Cricket analogy: It's like a scorer translating a raw ball-by-ball radio commentary into a structured scorecard entry — @RequestBody takes raw JSON text and maps it onto a structured Java object.

Writing JSON Output with @ResponseBody

On the way out, @ResponseBody (implicit in every method when using @RestController) tells Spring to serialize the returned Java object back into JSON using the same Jackson converter, rather than resolving it as a logical view name. Field visibility, naming strategy, and null handling during this serialization are all controlled by Jackson annotations (@JsonProperty, @JsonIgnore) or global configuration in application.properties, such as spring.jackson.default-property-inclusion=non_null.

🏏

Cricket analogy: Like a scorer converting the structured scorecard back into a spoken commentary line for the broadcast — @ResponseBody turns the Java object back into a JSON 'broadcast' for the client.

java
public record CreateOrderRequest(
        @NotNull Long customerId,
        @NotEmpty List<OrderLineDto> lines) {}

@RestController
@RequestMapping("/api/orders")
public class OrderController {

    @PostMapping
    public ResponseEntity<OrderDto> createOrder(
            @RequestBody @Valid CreateOrderRequest request) {
        OrderDto created = orderService.create(request);
        URI location = URI.create("/api/orders/" + created.id());
        return ResponseEntity.created(location).body(created);
    }
}

DTOs vs Domain Entities in Request/Response Shapes

Using dedicated request and response DTOs (as records or plain classes) instead of exposing JPA entities directly decouples your public API contract from your internal database schema. This means you can rename a database column, restructure a relationship, or add an internal-only field to an entity without breaking API consumers, as long as the DTO mapping layer absorbs the change. It also lets you tailor exactly which fields are writable on input (a request DTO might omit an 'id' field) versus which fields are exposed on output.

🏏

Cricket analogy: Like a player's public stats card shown to fans (curated DTO) versus the team's full internal fitness and injury database (entity) — fans only ever see the curated view.
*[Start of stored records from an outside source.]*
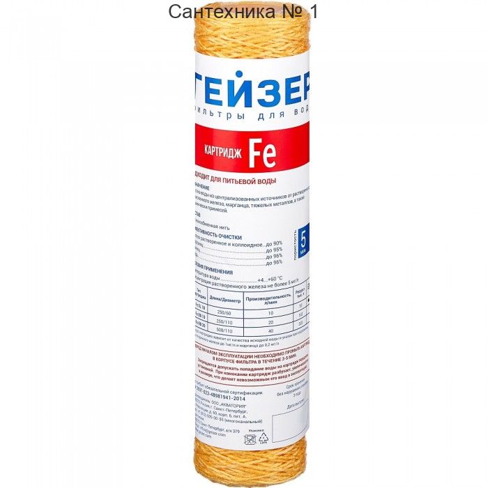 Картридж ОБЕЗЖЕЛЕЮЩИЙ ниточный Fe-10SL ГЕЙЗЕР 28123
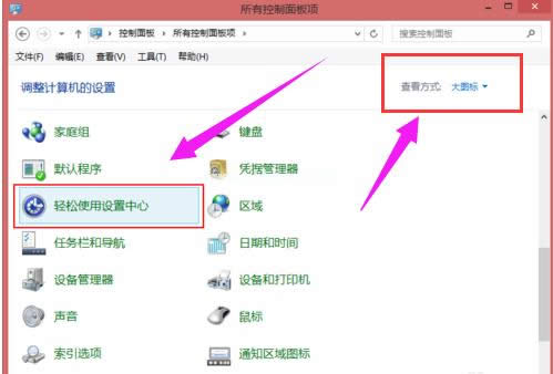 在查看方式中选择“大图标”,选择“轻松使用设置中心”
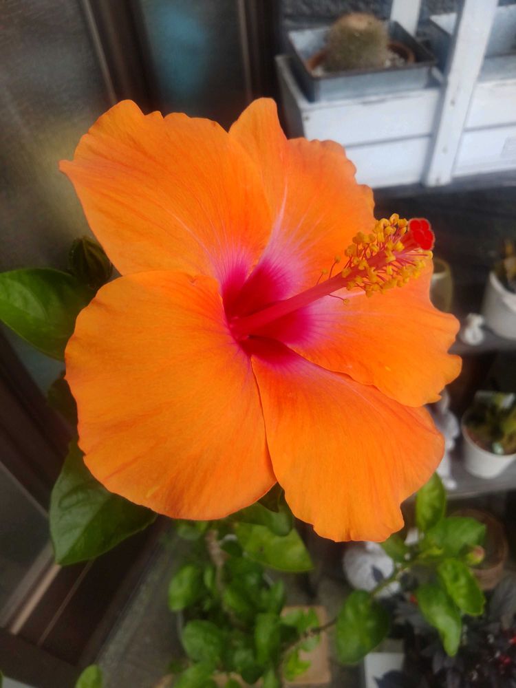 ハイビスカスも玄関で1輪ずつお出迎えしてます
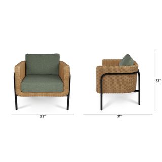 - Loose seat and back cushions upholstered in a UV and water-resistant Olefin fabric.
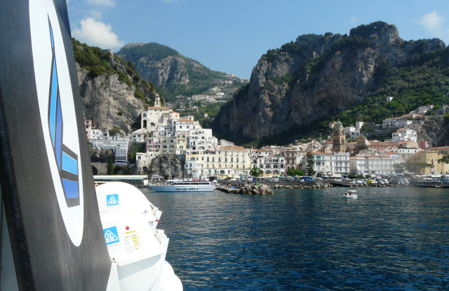 После 30 минут «битья себя по рукам» и любования амальфитанскими берегами, дышащими древними мифами и легендами, наш кораблик с современным Одиссеем-матросом подходит к самому городу.
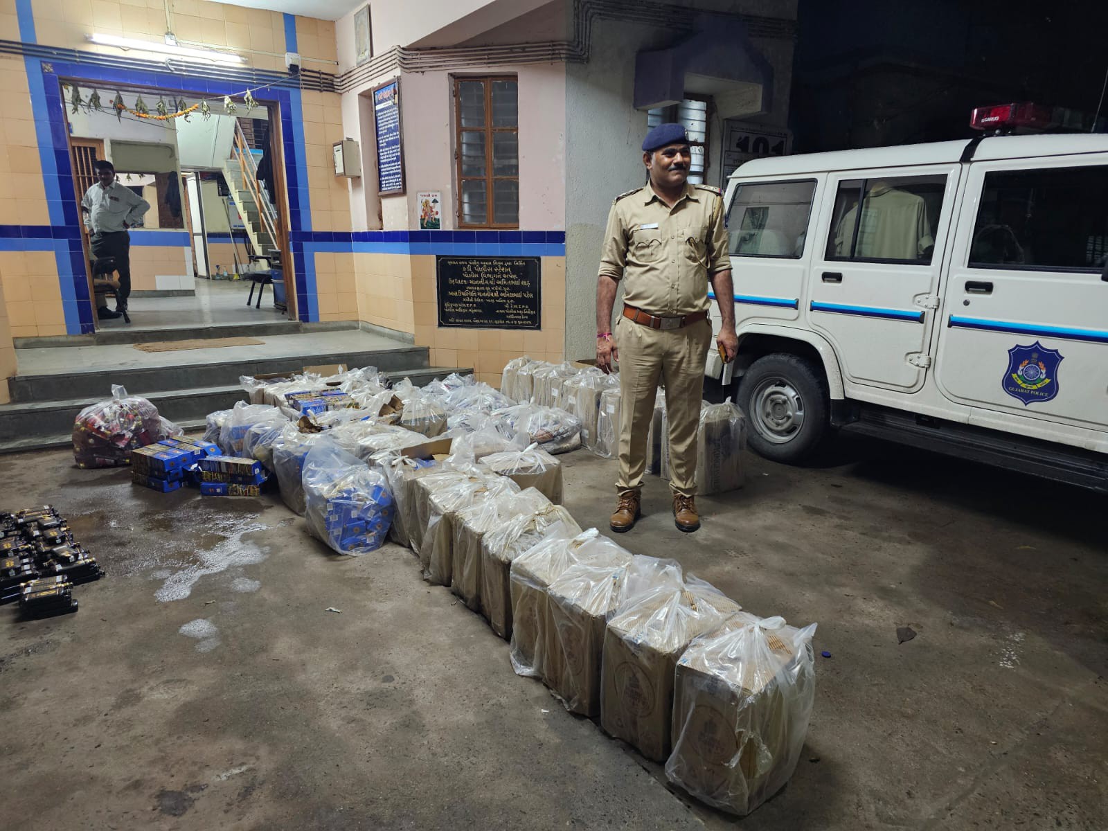 પોલીસે ટ્રકની તપાસ કરતાં તેમાંથી અલગ અલગ બ્રાન્ડની કુલ 9,43,720 રૂપિયાની કિંમતનો વિદેશી દારૂનો જથ્થો મળી આવ્યો ધરપકડ કરાયેલા કંડક્ટરે પૂછપરછમાં જણાવ્યું કે, આ દારૂનો જથ્થો રાજસ્થાનથી લાવવામાં આવ્યો અને કડીમાં કોઈને આપવાનો કોને આપવાનો હતો તેની જાણ ડ્રાઈવર સુરેશને હોવાનું તેણે જણાવ્યું પોલીસે બંને આરોપીઓ વિરુદ્ધ ગુનો નોંધી કુલ 19,58,720 રૂપિયાનો મુદ્દામાલ (દારૂ અને ટ્રક સહિત) જપ્ત કરીને વધુ કાર્યવાહી હાથ ધરી.
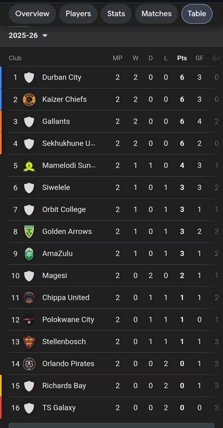 Kaizer Chiefs also secured a 1-0 win against Polokwane City, earning them six points and second place. Despite matching Durban City’s points, their inferior goal difference keeps them in second, but the victory signals their intent to challenge for the title. Marumo Gallants, previously table-toppers, slipped to third without playing, overtaken by the midweek results. Sekhukhune United climbed to fourth after a narrow 1-0 win over TS Galaxy, who remain pointless at the bottom of the table, struggling to find form after two losses.
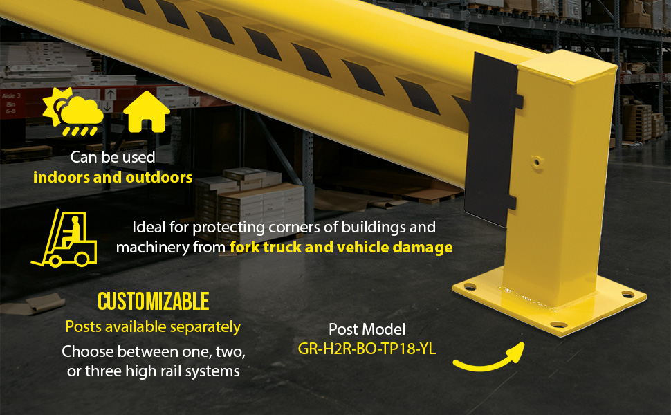 GR-H2R-BO-5-YL GR-H2R-BO-5-YLSteel Straight Guard Rail 60 In. Length YellowMounting Posts Required (qty.): 2

Java records are an excellent fit for immutable request/response DTOs: they auto-generate constructors, accessors, equals/hashCode, and toString, and Jackson supports deserializing directly into records without extra configuration since Jackson 2.12+.

Watch out for over-posting: if a request DTO exposes a settable 'role' or 'isAdmin' field that maps straight onto an entity, a malicious client could escalate privileges by including that field in the JSON body. Keep request DTOs minimal and only accept fields the endpoint is meant to change.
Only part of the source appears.